What is required:
Write the lines below out exactly, dropping each picture.

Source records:
┄┄┄┄┄┄

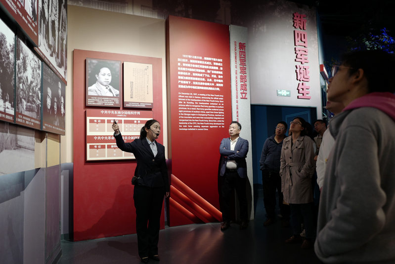 循着习总书记足迹,参访一行人来到新四军纪念馆,体会新四军伟大革命奋斗历史。团队成员在“铁军忠魂”塑像前久久驻足,凭吊铁军将士忠烈英魂;跟随讲解员的生动讲解,身临其境,体悟英雄家国情怀;默念着“吃菜要吃白菜心,当兵要当新四军”的歌谣,感受军民鱼水一般的亲情;在重温入党誓词中,坚定信仰、提升觉悟,传承红色血脉、赓续红色力量。
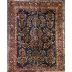 Sarouk Rug, Circa 1940, Blue ground with flowering tree and floral spray field within a palme...
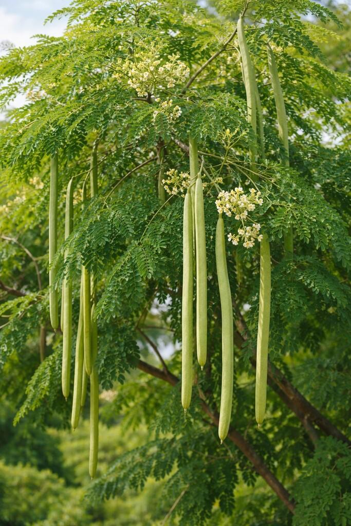 Das Bild zeigt Moringa Früchte, bei unserer Pflanzung von letzter Woche sieht man leider noch nichts.
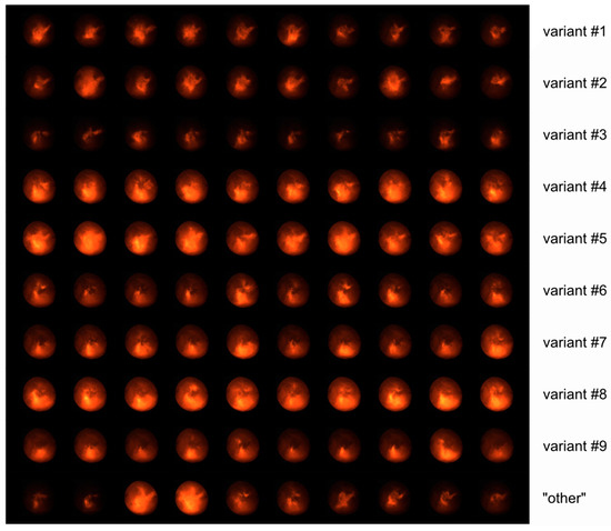 The data, comprising a total of 110,880 images with timestamps and co-combustion variant identifiers (variant #1–variant #9), were stored in a single file. Each variant was represented by 12,000 frames, except variant #3, for which 14,880 frames were collected. Images belonging to the “other” variant were collected in a separate file, containing 139,632 images. Because the dataset containing additional image frames has a significantly higher number of entries, 12,320 were randomly selected from the dataset and merged with the data containing images of the defined nine variants. The number of images for each variant, including the “other” category, was similar. All the images have been stored as 24-bit RGB, with a resolution of 800 × 800 pixels.
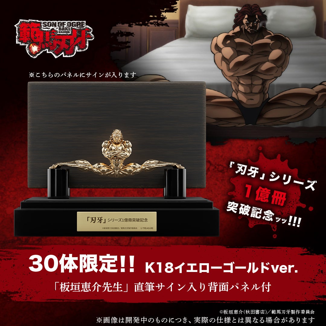 株式会社ユートレジャー(本社:東京都新宿区、代表取締役:伊藤 崇史)は、「刃牙」シリーズ原作1億冊突破を記念してアニメ「範馬刃牙」範馬勇次郎プレミアムフィギュアを2024年5月21日(火)~8月15日(木)の期間限定で予約受付を行います。K18イエローゴールドは30体、シルバー925は100体の数量限定です。K18イエローゴールドは背面パネルに「板垣恵介先生」の直筆サイン入り。期間中、ユートレジャーコンセプトストア池袋にてサンプルを展示します。
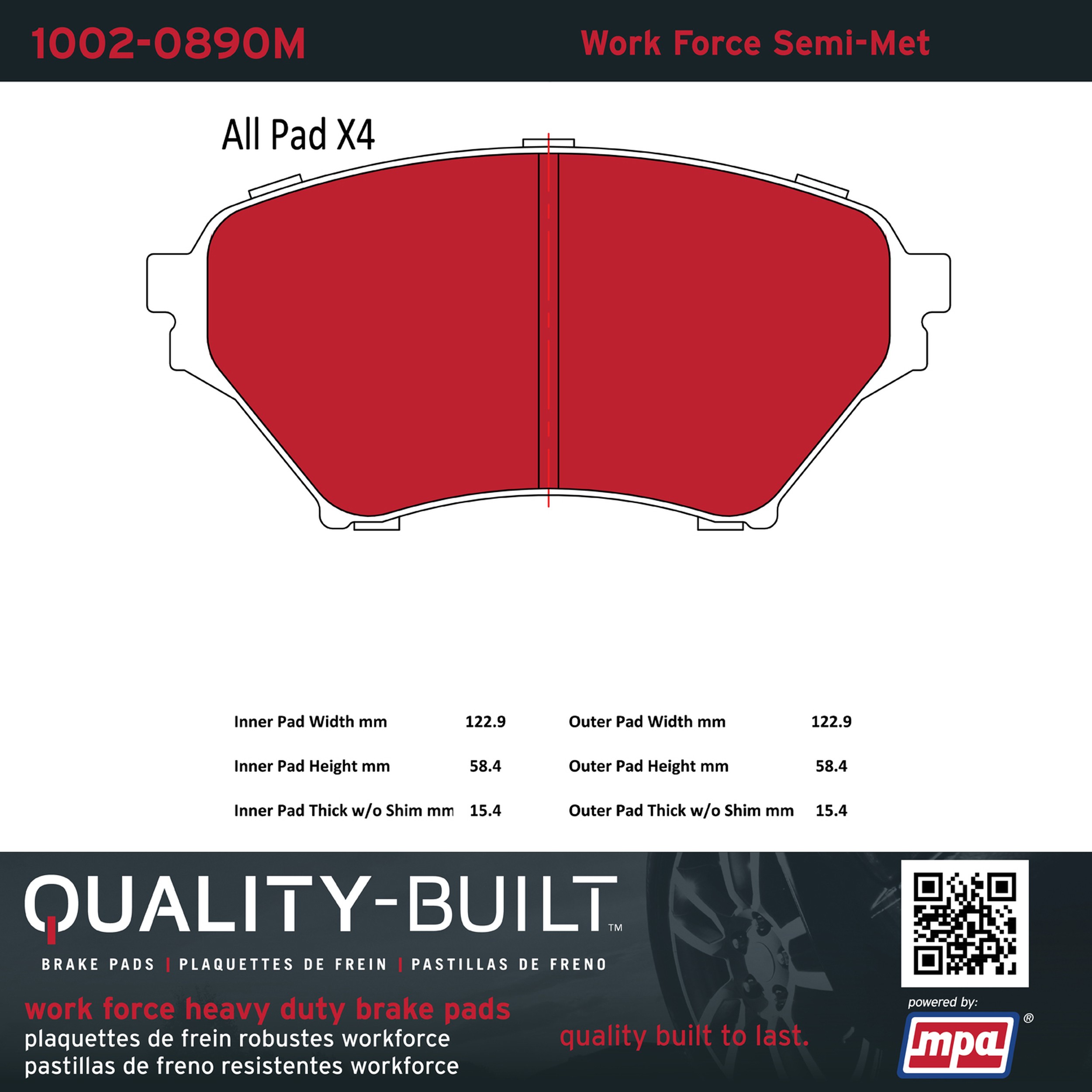 - Hardworking vehicles need hardworking brake pads, and Quality-Built Work force brake pads deliver every time. Specially formulated friction compounds are designed for high heat, heavy-duty use, where repeat stop situations, off-road driving, or towing push brake pads to the limits. Work force brake pads are an excellent choice for fleet use where extended service life and maximum durability are required.
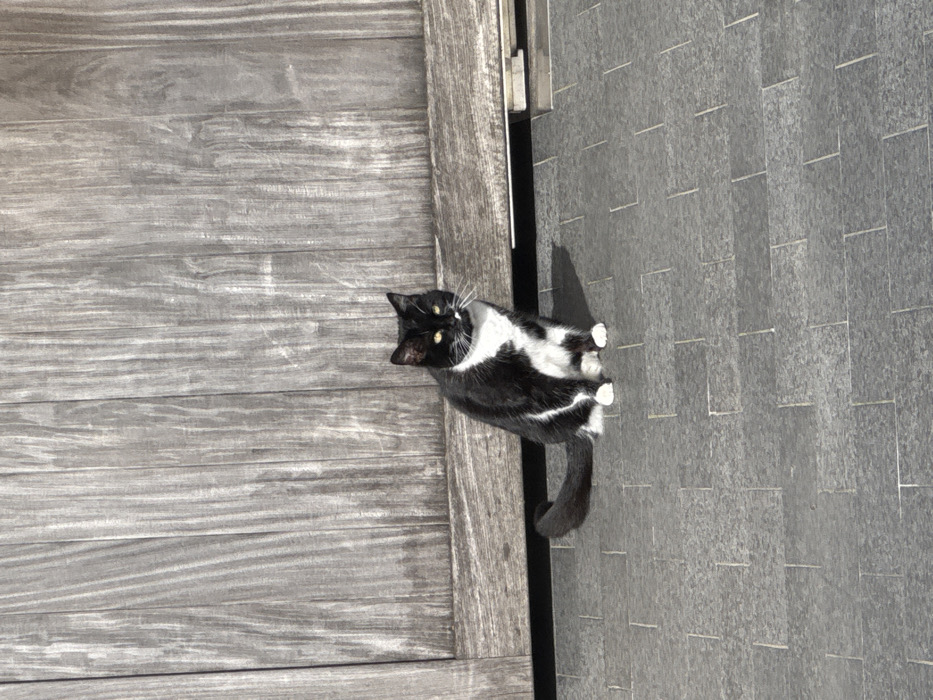 - "A black and white tuxedo cat is seated on dark grey rectangular paving stones in the city of Roeselare, Belgium" by FM-OzukK2, licensed under CC BY 4.0
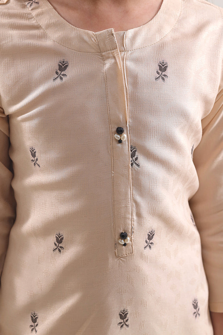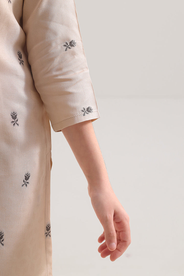 Delicate And Graceful, This SAYA Stitched Cotton Jacquard Shirt & Trouser Set For Kids In Soft Peach Radiates Quiet Elegance. The Premium Cotton Jacquard Fabric Bears A Subtle Textured Weave That Adds Depth Without Overwhelming. Impeccable Stitching And Clean Lines Uphold A Neat Silhouette That Lasts Through Play. The Coordinated Shirt And Trouser Pair With Ease, Offering Polished Simplicity Without Excess. Perfect For Daytime Gatherings, Subdued Festive Events, Or Casual Elegance, This Ensemble Blends Comfort With Refined Style For Young Wearers.
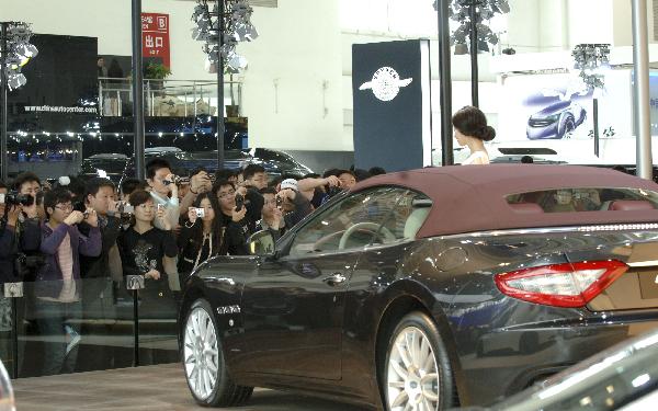 4月27日,觀眾在車展現(xiàn)場參觀。當(dāng)日,以“暢想綠色未來”為主題的2010(第十一屆)北京國際汽車展覽會迎來首個公眾參觀日,眾多觀眾前往北京中國國際展覽中心參觀車展。新華社發(fā) (張宇 攝)
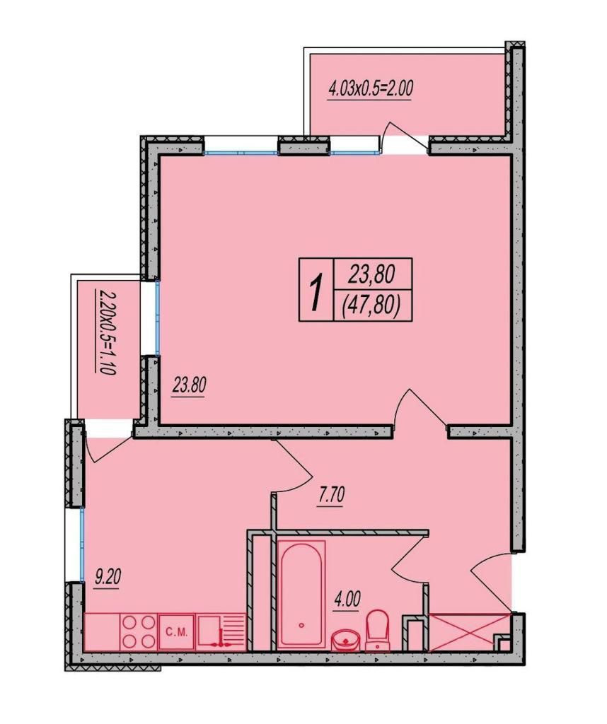 Балкон, лоджия 1 балкон
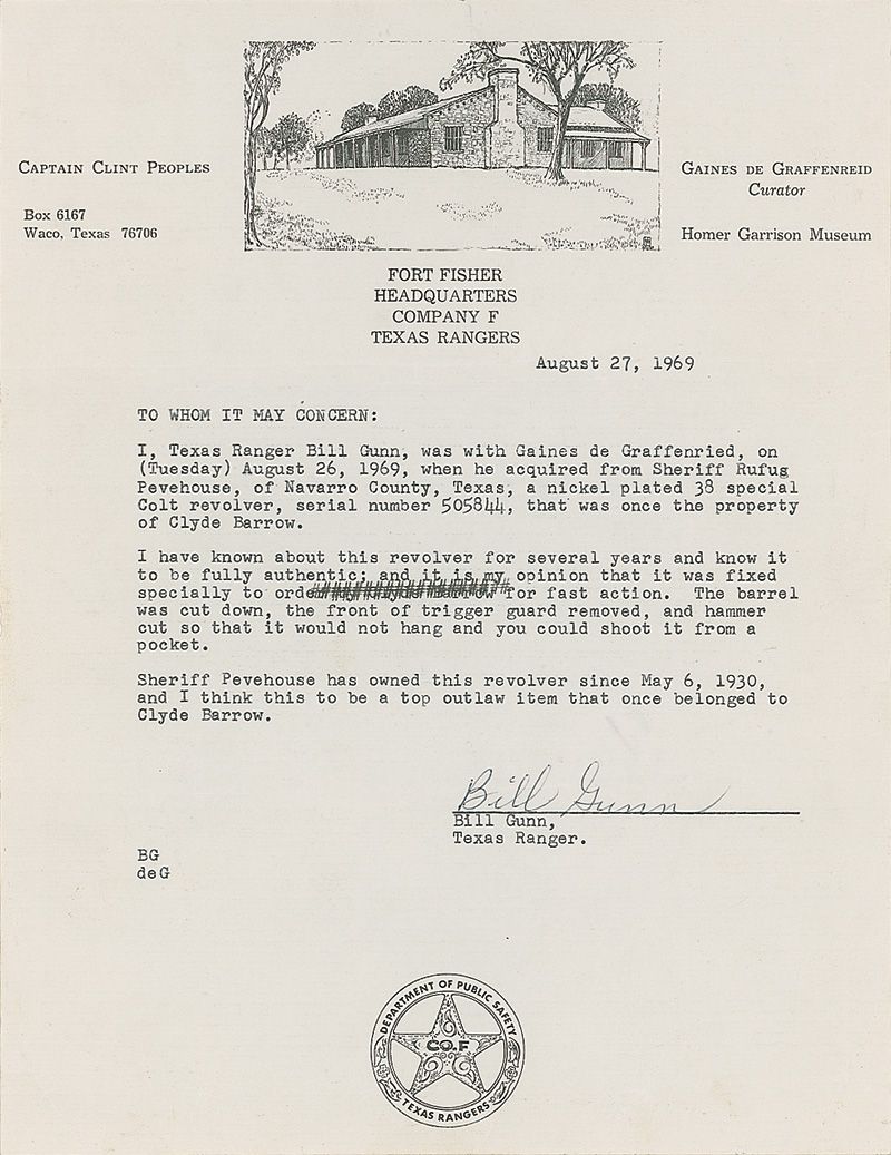 3) A signed statement by Bill Gunn, Texas Ranger, on the letterhead of Fort Fisher Headquarters, Company F, Texas Rangers (the Texas Rangers Garrison Museum). He states that he was with Gaines de Graffenreid when he acquired this gun from Sheriff Pevehouse on August 26, 1969. He mentions the gun by serial number “that was once the property of Clyde Barrow,” and that “I have known about this revolver for several years and know it to be fully authentic…Sheriff Pevehouse has owned this revolver since May 6, 1930, and I think this to be a top outlaw item that once belonged to Clyde Barrow.” This Colt was sold at auction in 2001 by Christie's.

┄┄┄┄┄┄

Output of the task:
 循着习总书记足迹,参访一行人来到新四军纪念馆,体会新四军伟大革命奋斗历史。团队成员在“铁军忠魂”塑像前久久驻足,凭吊铁军将士忠烈英魂;跟随讲解员的生动讲解,身临其境,体悟英雄家国情怀;默念着“吃菜要吃白菜心,当兵要当新四军”的歌谣,感受军民鱼水一般的亲情;在重温入党誓词中,坚定信仰、提升觉悟,传承红色血脉、赓续红色力量。
 Sarouk Rug, Circa 1940, Blue ground with flowering tree and floral spray field within a palme...
 Das Bild zeigt Moringa Früchte, bei unserer Pflanzung von letzter Woche sieht man leider noch nichts.
 The data, comprising a total of 110,880 images with timestamps and co-combustion variant identifiers (variant #1–variant #9), were stored in a single file. Each variant was represented by 12,000 frames, except variant #3, for which 14,880 frames were collected. Images belonging to the “other” variant were collected in a separate file, containing 139,632 images. Because the dataset containing additional image frames has a significantly higher number of entries, 12,320 were randomly selected from the dataset and merged with the data containing images of the defined nine variants. The number of images for each variant, including the “other” category, was similar. All the images have been stored as 24-bit RGB, with a resolution of 800 × 800 pixels.
 株式会社ユートレジャー(本社:東京都新宿区、代表取締役:伊藤 崇史)は、「刃牙」シリーズ原作1億冊突破を記念してアニメ「範馬刃牙」範馬勇次郎プレミアムフィギュアを2024年5月21日(火)~8月15日(木)の期間限定で予約受付を行います。K18イエローゴールドは30体、シルバー925は100体の数量限定です。K18イエローゴールドは背面パネルに「板垣恵介先生」の直筆サイン入り。期間中、ユートレジャーコンセプトストア池袋にてサンプルを展示します。
 - Hardworking vehicles need hardworking brake pads, and Quality-Built Work force brake pads deliver every time. Specially formulated friction compounds are designed for high heat, heavy-duty use, where repeat stop situations, off-road driving, or towing push brake pads to the limits. Work force brake pads are an excellent choice for fleet use where extended service life and maximum durability are required.
 - "A black and white tuxedo cat is seated on dark grey rectangular paving stones in the city of Roeselare, Belgium" by FM-OzukK2, licensed under CC BY 4.0
 Delicate And Graceful, This SAYA Stitched Cotton Jacquard Shirt & Trouser Set For Kids In Soft Peach Radiates Quiet Elegance. The Premium Cotton Jacquard Fabric Bears A Subtle Textured Weave That Adds Depth Without Overwhelming. Impeccable Stitching And Clean Lines Uphold A Neat Silhouette That Lasts Through Play. The Coordinated Shirt And Trouser Pair With Ease, Offering Polished Simplicity Without Excess. Perfect For Daytime Gatherings, Subdued Festive Events, Or Casual Elegance, This Ensemble Blends Comfort With Refined Style For Young Wearers.
 4月27日,觀眾在車展現(xiàn)場參觀。當(dāng)日,以“暢想綠色未來”為主題的2010(第十一屆)北京國際汽車展覽會迎來首個公眾參觀日,眾多觀眾前往北京中國國際展覽中心參觀車展。新華社發(fā) (張宇 攝)
 Балкон, лоджия 1 балкон
 3) A signed statement by Bill Gunn, Texas Ranger, on the letterhead of Fort Fisher Headquarters, Company F, Texas Rangers (the Texas Rangers Garrison Museum). He states that he was with Gaines de Graffenreid when he acquired this gun from Sheriff Pevehouse on August 26, 1969. He mentions the gun by serial number “that was once the property of Clyde Barrow,” and that “I have known about this revolver for several years and know it to be fully authentic…Sheriff Pevehouse has owned this revolver since May 6, 1930, and I think this to be a top outlaw item that once belonged to Clyde Barrow.” This Colt was sold at auction in 2001 by Christie's.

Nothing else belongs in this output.